MFVB posits a structured variational family \( \mathcal{Q} \) of distributions that factorize as:

\[\mathcal{Q} = \{ q : q(\boldsymbol{\theta}) = q_{\boldsymbol{\eta}}(\boldsymbol{\eta})q_{\boldsymbol{\psi}}(\boldsymbol{\psi}), q_{\boldsymbol{\eta}} \in \mathcal{Q}_{\boldsymbol{\eta}}, q_{\boldsymbol{\psi}} \in \mathcal{Q}_{\boldsymbol{\psi}} \}\]

The optimal approximation \( q^* \in \mathcal{Q} \) minimizes the Kullback-Leibler divergence:

\[q^* = \text{arg} min_{q \in \mathcal{Q}} \text{KL}(q\|p) = \text{arg} min_{q \in \mathcal{Q}} \int q(\boldsymbol{\theta}) \log \frac{q(\boldsymbol{\theta})}{p(\boldsymbol{\theta}|D)} d\boldsymbol{\theta}\]

Equivalently, we maximize the Evidence Lower Bound (ELBO):

\[ \text{ELBO}(q) = \mathbb{E}_q[\log p(D, \boldsymbol{\theta})] - \mathbb{E}_q[\log q(\boldsymbol{\theta})] \]

where:

\[ \mathbb{E}_q[\log p(D, \boldsymbol{\theta})] := \text{Expected complete-data log-likelihood} \]

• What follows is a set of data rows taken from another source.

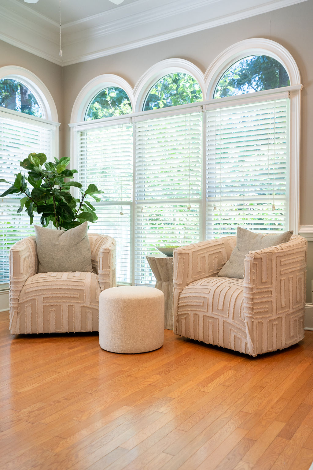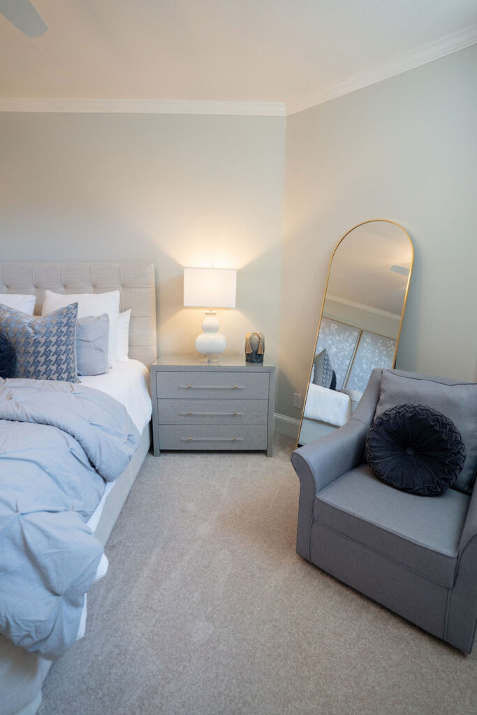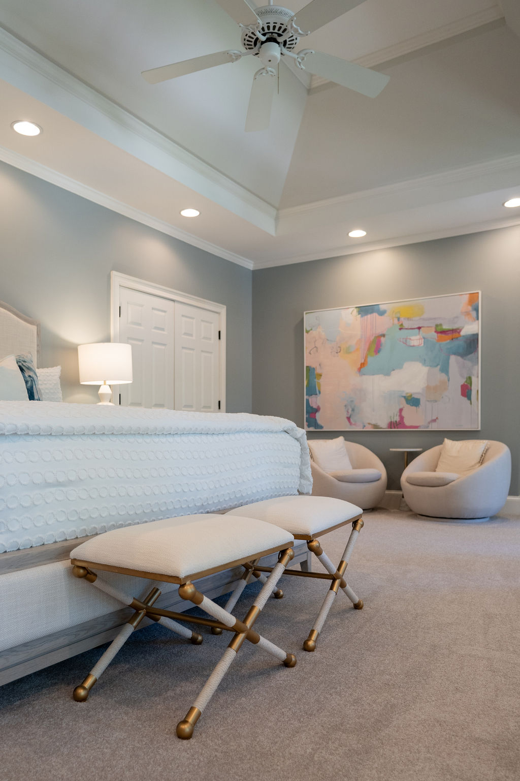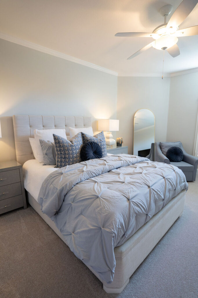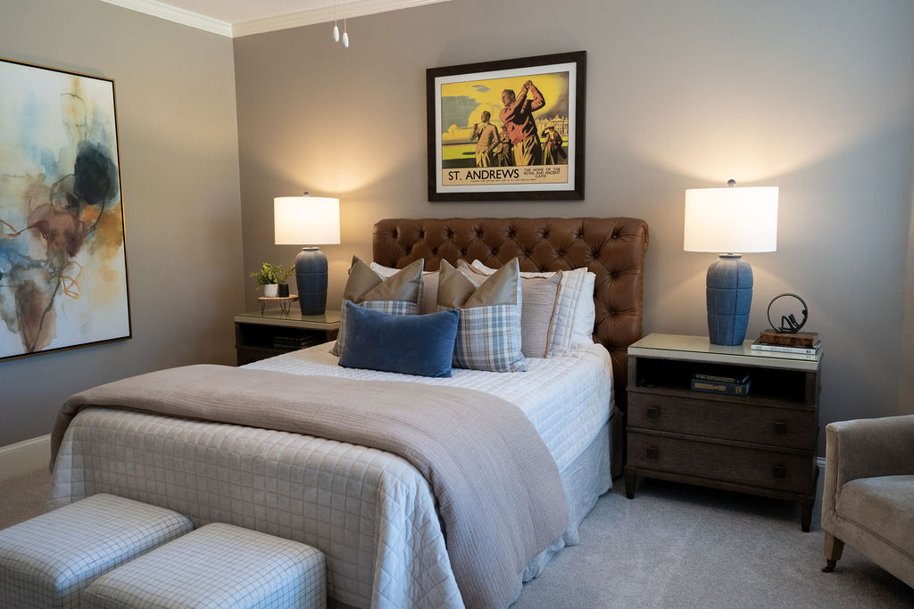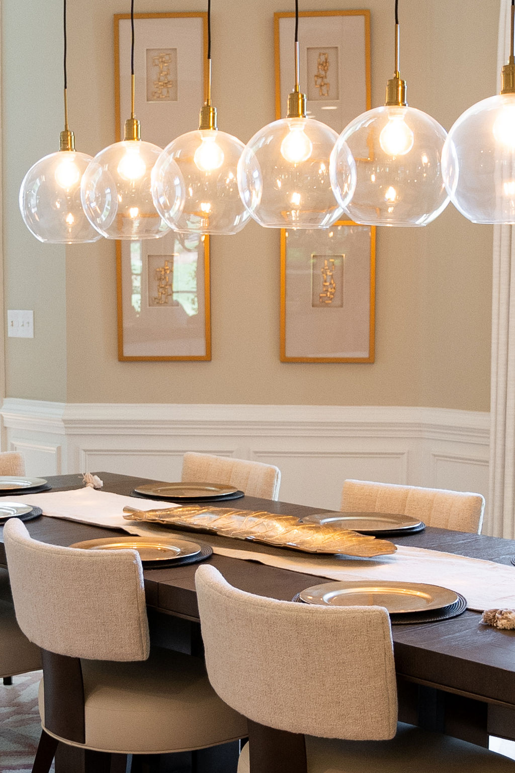 This graceful home pairs refined materials with a soft, livable palette to create spaces that feel both elevated and effortless. From the sculptural chandelier in the dining room to the tailored upholstery and layered rugs throughout, each room reflects a thoughtful balance of sophistication and comfort. Tones of ivory, blush, taupe, and pale gray flow from space to space, accented by textured fabrics, clean-lined furniture, and curated art. The result is a serene and welcoming retreat that’s elegant without being overdone – designed for real life, beautifully lived.
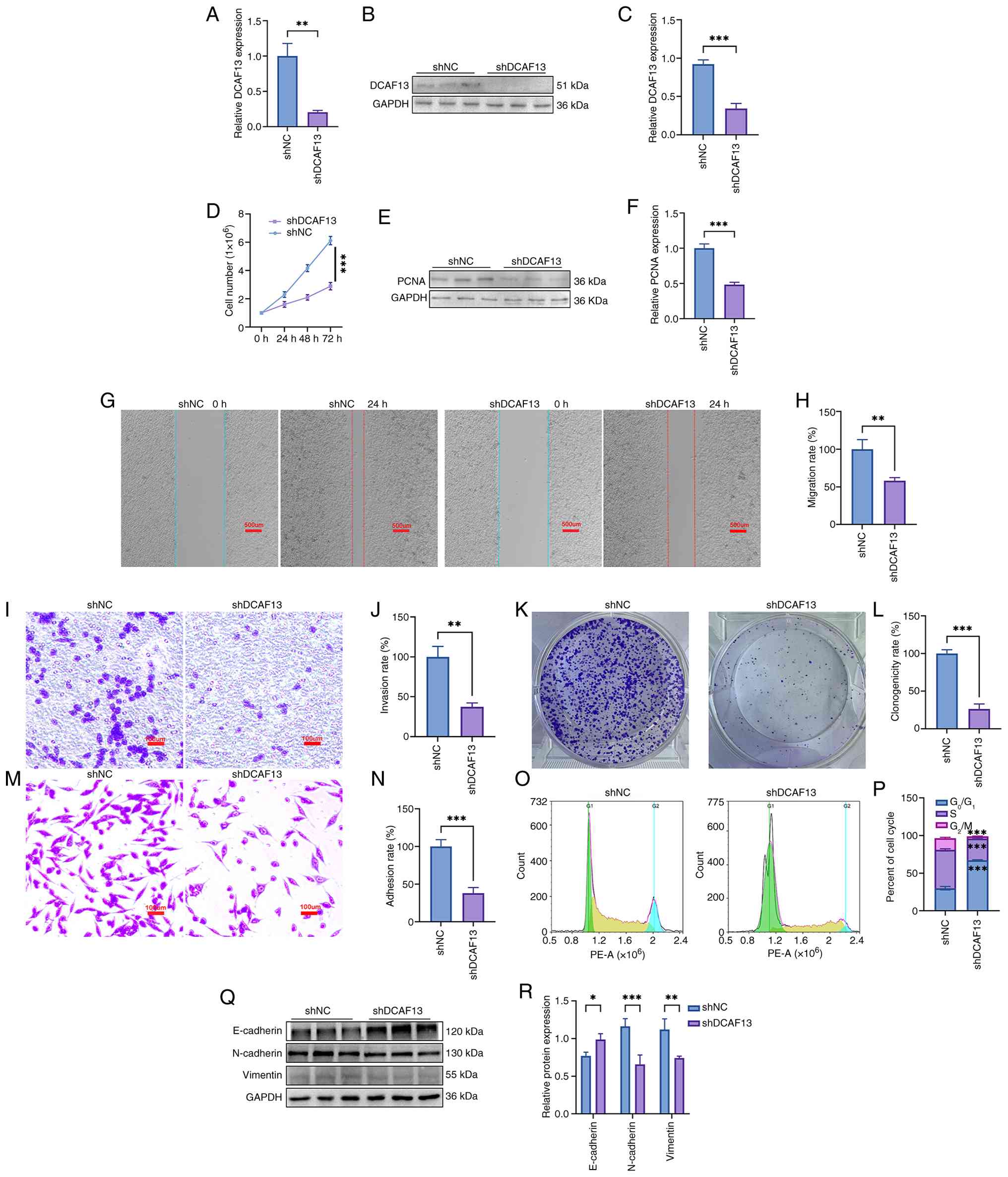 To confirm the pro-tumorigenic role of DCAF13 on CRC progression, lentivirus-mediated shRNA was used to knock down DCAF13 expression in RKO cells. RT-qPCR results confirmed that DCAF13 expression levels in the shDCAF13 were significantly reduced compared with control cells (Fig. 6A). As confirmed by western blotting analysis, DCAF13 expression levels also showed a similar reduction, validating the knockdown efficacy (Fig. 6B and C). Cell proliferation assays revealed that DCAF13 knockdown significantly impaired the proliferative potential of RKO cells (Fig. 6D). In parallel, the expression of the cell proliferation marker PCNA was significantly decreased in shDCAF13 cells, further confirming the reduction in proliferation (Fig. 6E and F). Migration assays, performed using scratch and Transwell assays, demonstrated that DCAF13 knockdown significantly abrogated the ability of RKO cells to migrate compared with that of the shNC group (Fig. 6G-J). Furthermore, the colony formation and adhesion assays showed significant reductions in the number of colonies and adherent cells following DCAF13 knockdown compared with that of the control group (Fig. 6K-N). Cell cycle distribution analysis revealed that DCAF13 knockdown induced a G1 phase arrest, indicating a disruption in cell cycle progression (Fig. 6O and P). Corresponding western blotting analysis showed that, compared with shNC cells, knockdown of DCAF13 resulted in increased expression of the epithelial marker E-cadherin and decreased expression of the mesenchymal markers N-cadherin and vimentin in CRC cells (Fig. 6Q and R), further supporting the involvement of DCAF13 in regulating EMT progression in CRC cells.
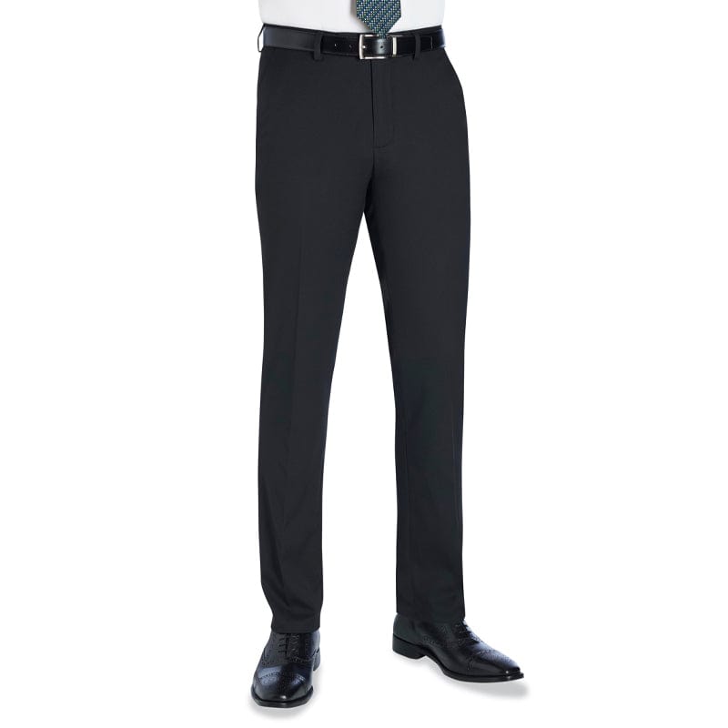 The slim fit design is more fitted look, a contemporary twist on an everyday office wear essential. With a traditional flat front and half hem these trousers keep you looking smart, and a fashionable choice for office work, corporate, hospitality and other formal settings.
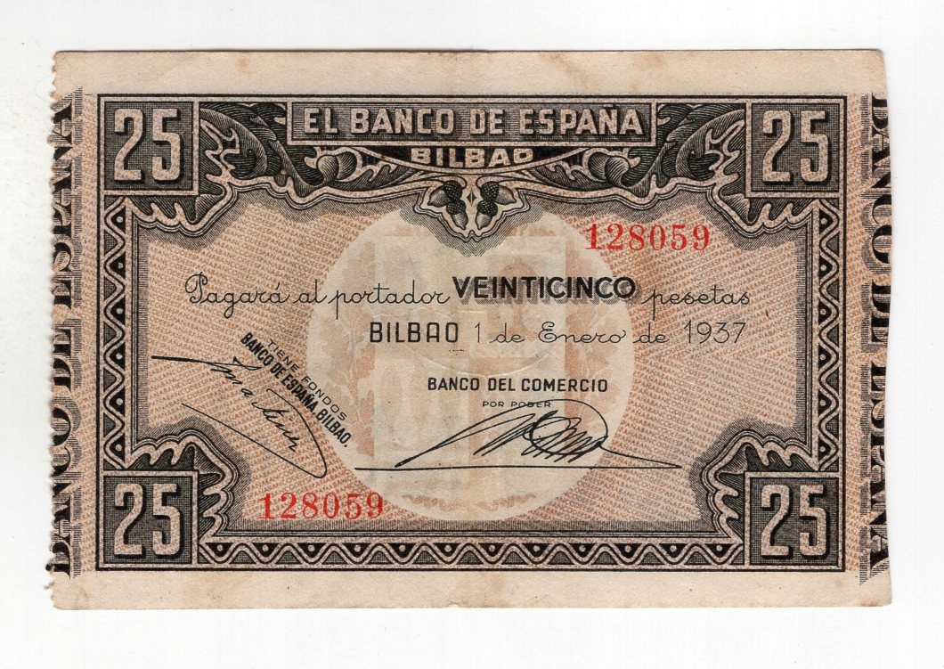 Іспанія Більбао 25 песет 1937 Banco Del Comercio

\[ \mathbb{E}_q[\log q(\boldsymbol{\theta})] := \text{Entropy of } q \]

Optimality Conditions

The stationary points of the ELBO satisfy:

$$ \log q^*(\boldsymbol{\eta}) = \mathbb{E}_{q^*(\boldsymbol{\psi})}[\log p(D, \boldsymbol{\eta}, \boldsymbol{\psi})] + \text{const.} $$ $$ \log q^*(\boldsymbol{\psi}) = \mathbb{E}_{q^*(\boldsymbol{\eta})}[\log p(D, \boldsymbol{\eta}, \boldsymbol{\psi})] + \text{const.} $$

1.2 Coordinate Ascent Variational Inference (CAVI)

The CAVI algorithm iteratively optimizes each variational factor while holding others fixed:

Algorithm 1: CAVI for MFVB

  1. Initialize $ q^{(0)}(\boldsymbol{\eta}) $, $ q^{(0)}(\boldsymbol{\psi}) $ by their setting hyperparameters
  2. While stopping criteria not met:
    1. Update non-conjugate parameters: $$ q^{(k)}(\boldsymbol{\eta}) \propto \exp\left(\mathbb{E}_{q^{(k-1)}(\boldsymbol{\psi})}[\log p(D, \boldsymbol{\eta}, \boldsymbol{\psi})]\right) $$
    2. Update conjugate parameters: $$ q^{(k)}(\boldsymbol{\psi}) \propto \exp\left(\mathbb{E}_{q^{(k)}(\boldsymbol{\eta})}[\log p(D, \boldsymbol{\eta}, \boldsymbol{\psi})]\right) $$

1.3 Non-Conjugate Challenges

When \( \boldsymbol{\eta} \) is non-conjugate, the update:

\[ q(\boldsymbol{\eta}) \propto \exp\left(\mathbb{E}_{q(\boldsymbol{\psi})}[\log p(D, \boldsymbol{\eta}, \boldsymbol{\psi})]\right) \equiv \exp(f(\boldsymbol{\eta})) \]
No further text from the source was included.